Il tituba. Un vent léger s’était levé et des cendres fuyaient dans le ciel charbonneux. Dans une odeur âcre de fin du monde, des tourbillons de fumerolles et de poussière dansaient en spirales solitaires, offrant presque un air de calme et de nonchalance à cet enfer. Il marchait péniblement au milieu de ce chaos indescriptible depuis quelques temps déjà, et la fatigue se faisait sentir. Une fois sortit des ruines de l’hôpital, il avait longé la Seine en rejoignant le quai jouxtant les restes de l'édifice et errait machinalement parmi les décombres qui jonchaient les rues, la conscience enfouie dans un océan de brume. Hagard, il contemplait les pans de quartier écroulés défigurer les avenues à perte de vue, reconnaissant parfois ça et là un square, les restes d'un immeuble, un carrefour autrefois animé.

Après un long moment il s’arrêta soudain pétrifié à un angle de rue. Ce qu’il vit lui transperça le coeur : arrivé au Champs de Mars, celui-ci n’était plus qu’une vaste esplanade calcinée, irradiant la chaleur d'une véritable fournaise à plusieurs centaines de mètres. La tour Eiffel, les pieds immobiles, ancrée dans le sol, regardait désormais sa cité natale d’un angle inhabituel : tordue à moitié de sa hauteur et menaçant même de rompre, sa silhouette se courbait désormais d'un air sinistre.

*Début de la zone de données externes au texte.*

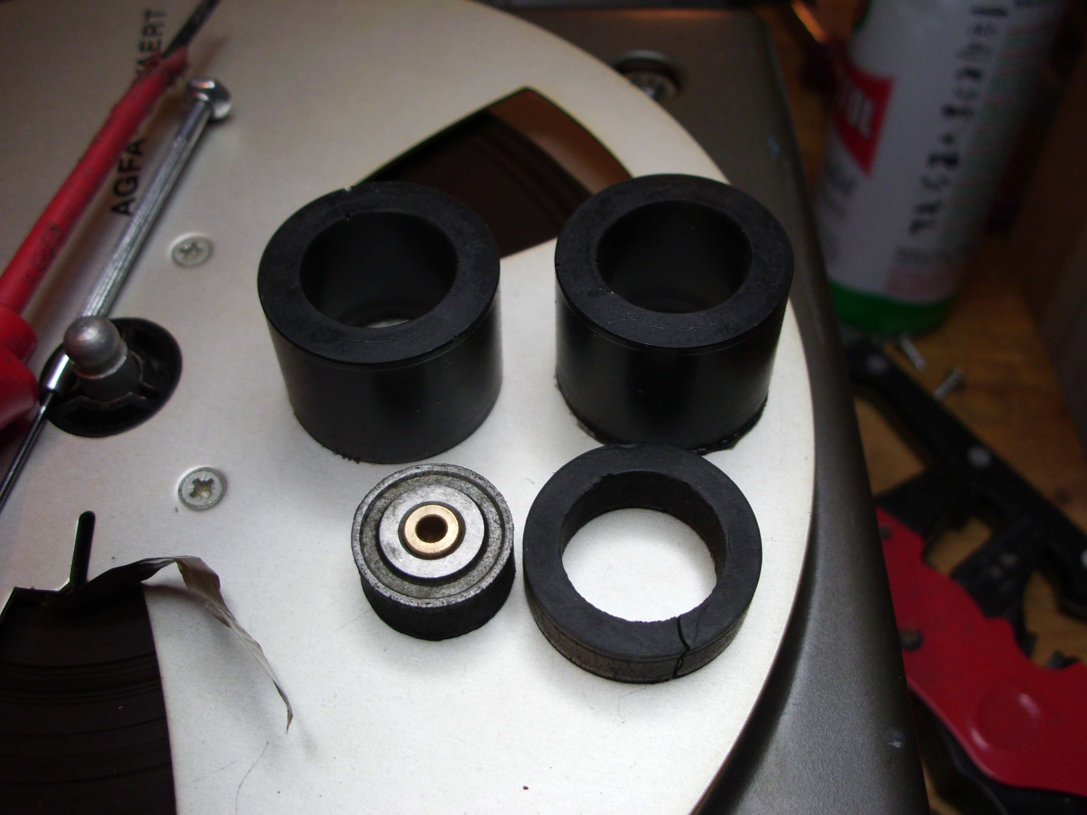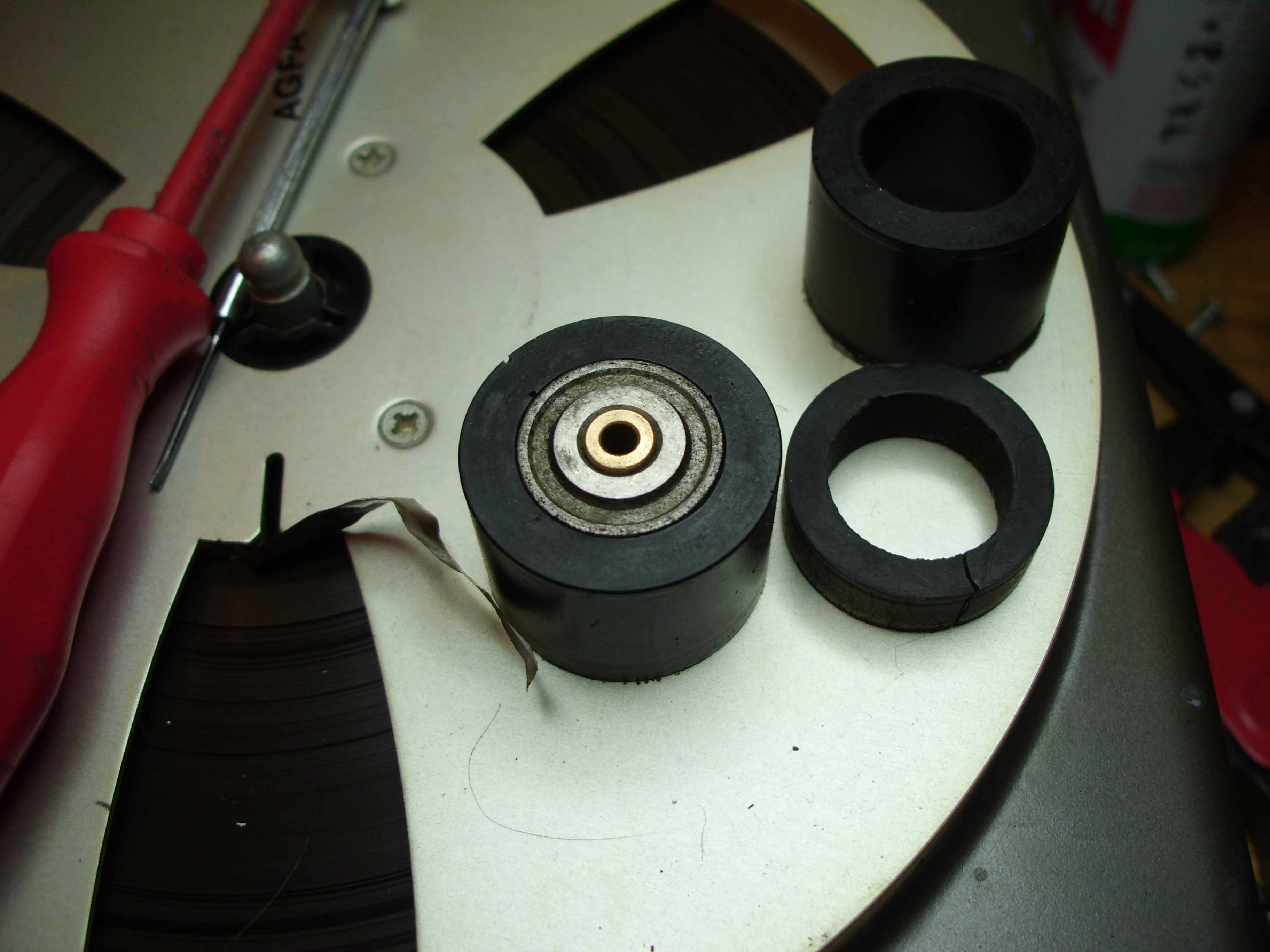 Gestern hab ich aus England eine kleine Tandberg bekommen. Zunächst hab ich mal den Stecker getauscht. Ich wußte nicht das die Enländer ihre Sicherungen im Stecker haben???. Danach ging es zum Probelauf. Vor und Rückspulen ging ohne Probleme. Nur das Abspielen ging nicht. Der Grund ist auf den Bildern zu sehen. Ich habe es recht häufig wenn ich ein Tonbandgerät bekomme das wer auch immer mal irgend wann daran gespielt hat und die Andruckrolle an der Capstanwelle anliegt. Das ist dann natürlich das aus für die Rolle. Letzte Woche hab ich im Keller die Regale umgeräumt. Dabei hatte ich ein TB mit kaputter Rolle in der Hand. Danach zufällig einen Karton mit meiner alten Faller Rennbahn. Und da kam mir sowas wie ein Geistesblitz. Carrerabahn!!!! Ein Freund von mir fährt Slotrennen und die haben Sliks die sie auch regelmäßig ja nach Bahn tauschen. Ich also bei uns in den nächsten Laden und das ergebnis ist auf den Bildern zu sehen. Daraus bekomm ich 4!!! Rollen für 5. Im Netzt kostet die Rolle für die Tandberg oder vergleichbare andere TB's zwischen 20 und 30€
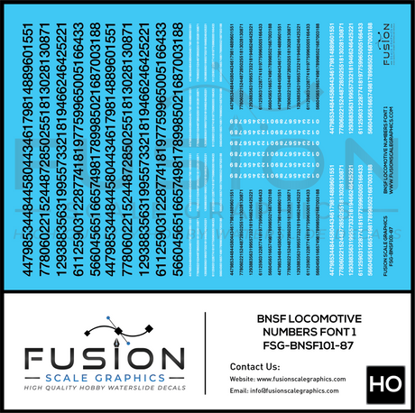 HO Scale BNSF Locomotive Numbering Decal Set V1
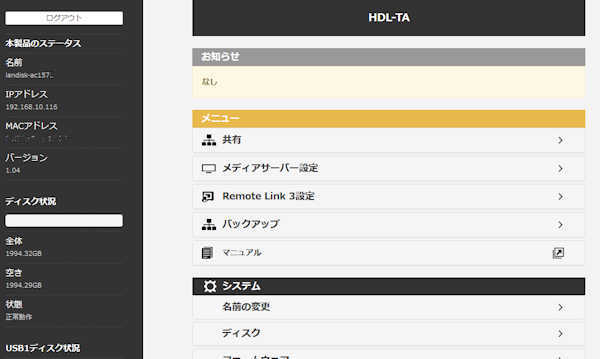 しかしデスクトップパソコンは図体が大きいので、ノートパソコンに変更しましたが、さらに小型で省エネタイプの手頃なものを探していました - 2020年2月に、LANDISK HDL-TA1 を見つけ現在に至っています
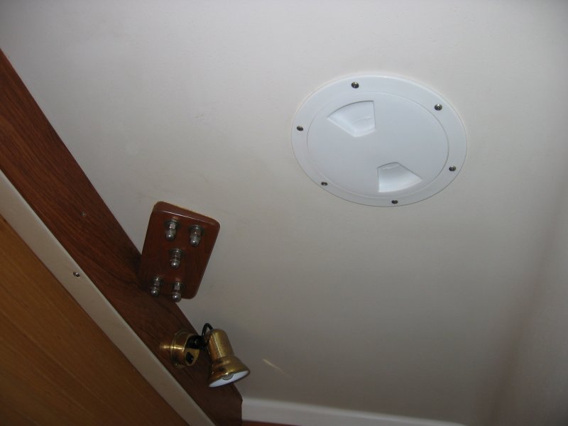 Underside of starboard turning block and winch. Teak block is cut at same angle as block on deck. Hand-hole is 6" diameter.
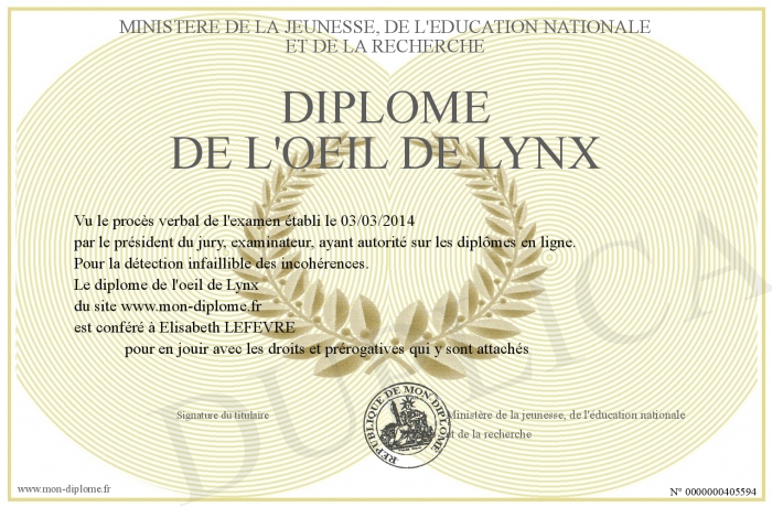 Envoyez par email votre Diplôme de l'oeil de Lynx personalisé
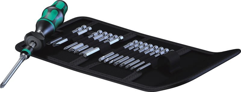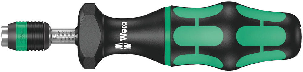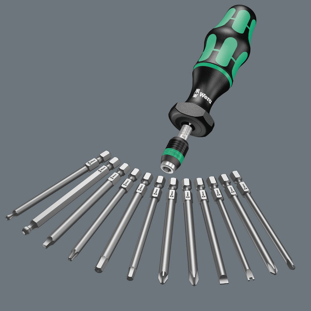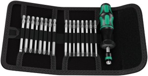 Zestaw profesjonalnych narzędzi wkrętakowych (wkrętak dynamometryczny z uchwytem + 16 końcówek wkrętakowych) serii Kraftform Kompakt firmy Wera. Końcówki z zestawu przeznaczone są do montażu elementów złącznych z gniazdem krzyżowym Phillips (PH) i Pozidriv (PZ), Torx z trzpieniem (Resis-Torx), sześciokątnym (imbus) lub nacięciem prostym (z rowkiem). Ten profesjonalny zestaw narzędzi wkrętakowych jest przydatny do precyzyjnych prac montażowych i serwisowych wymagających kontrolowanej siły dokręcania. Najważniejsze cechy wkrętaka dynamometrycznego z zestawu Kraftform Kompakt 60 Torque:
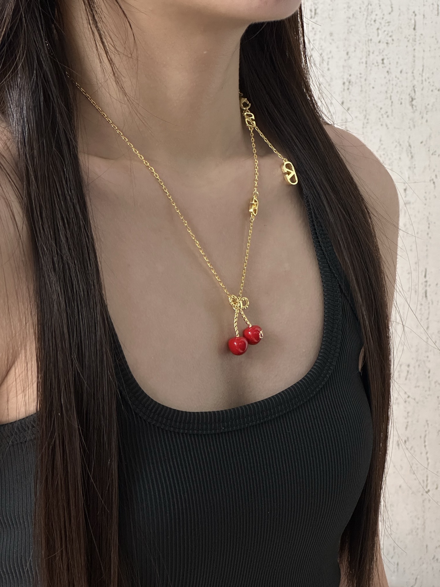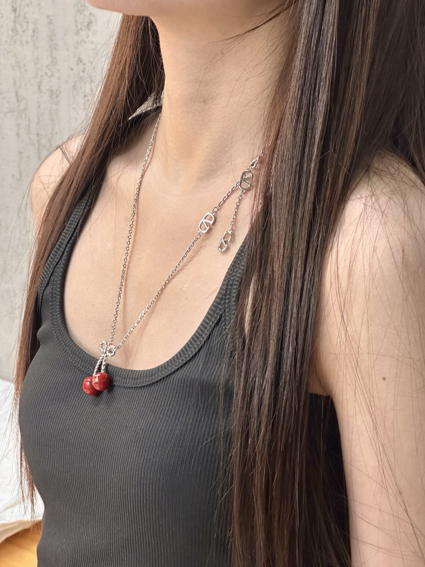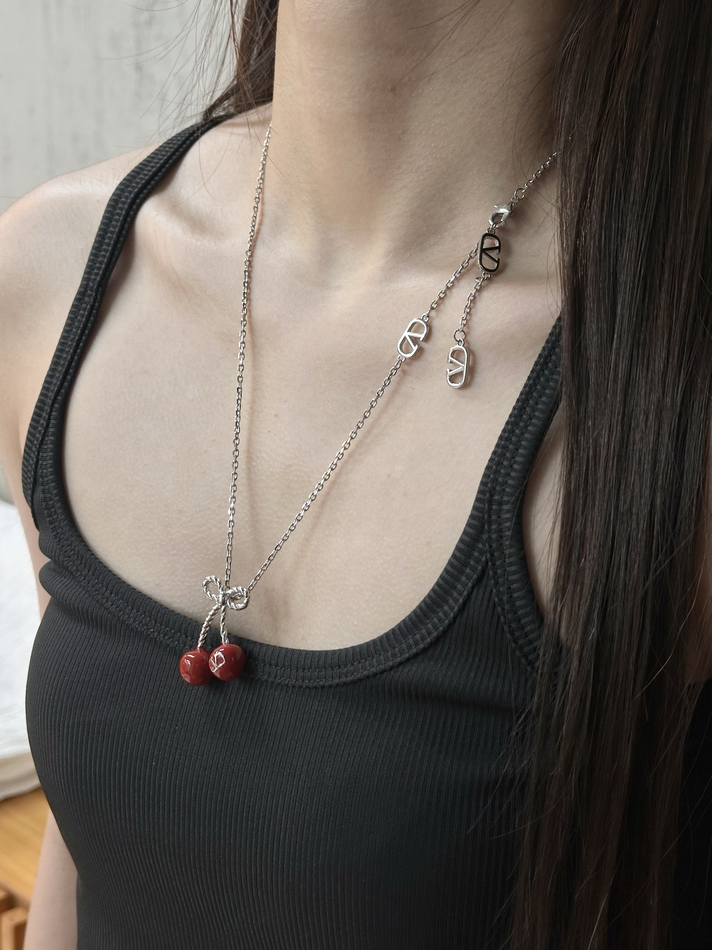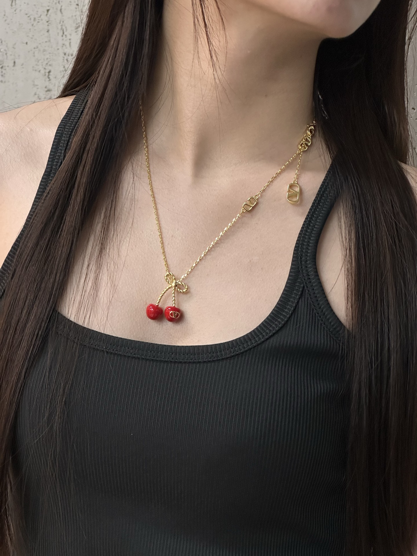 This Valentino Garavani necklace is a stunning piece that offers versatility and elegance. The gold-tone finish contrasts beautifully with the vibrant red cherry pendant, creating a chic and playful accessory.

Médusé, il demeura immobile et sentit le désespoir lui saper les genoux. Se prenant la tête entre ses mains, il laissa de longues minutes s’écouler, interrompues de temps en temps par quelques éboulis au loin. Le constat était sans appel : la catastrophe, quelle qu'elle eût été, avait consumé la ville et celle-ci se mourrait sous ses yeux, agonisait telle une bête frappée d’un coup mortel.

Brusquement, il leva la tête.

Un son différent des autres l’avait extirpé de ce cauchemar dans lequel il s’enfonçait lentement.

Le son se rapprocha.

Il se leva et aperçut une ombre qui gesticulait au loin. Le cœur battant, il se mit à marcher sans réfléchir, puis courir comme hypnotisé par cette image.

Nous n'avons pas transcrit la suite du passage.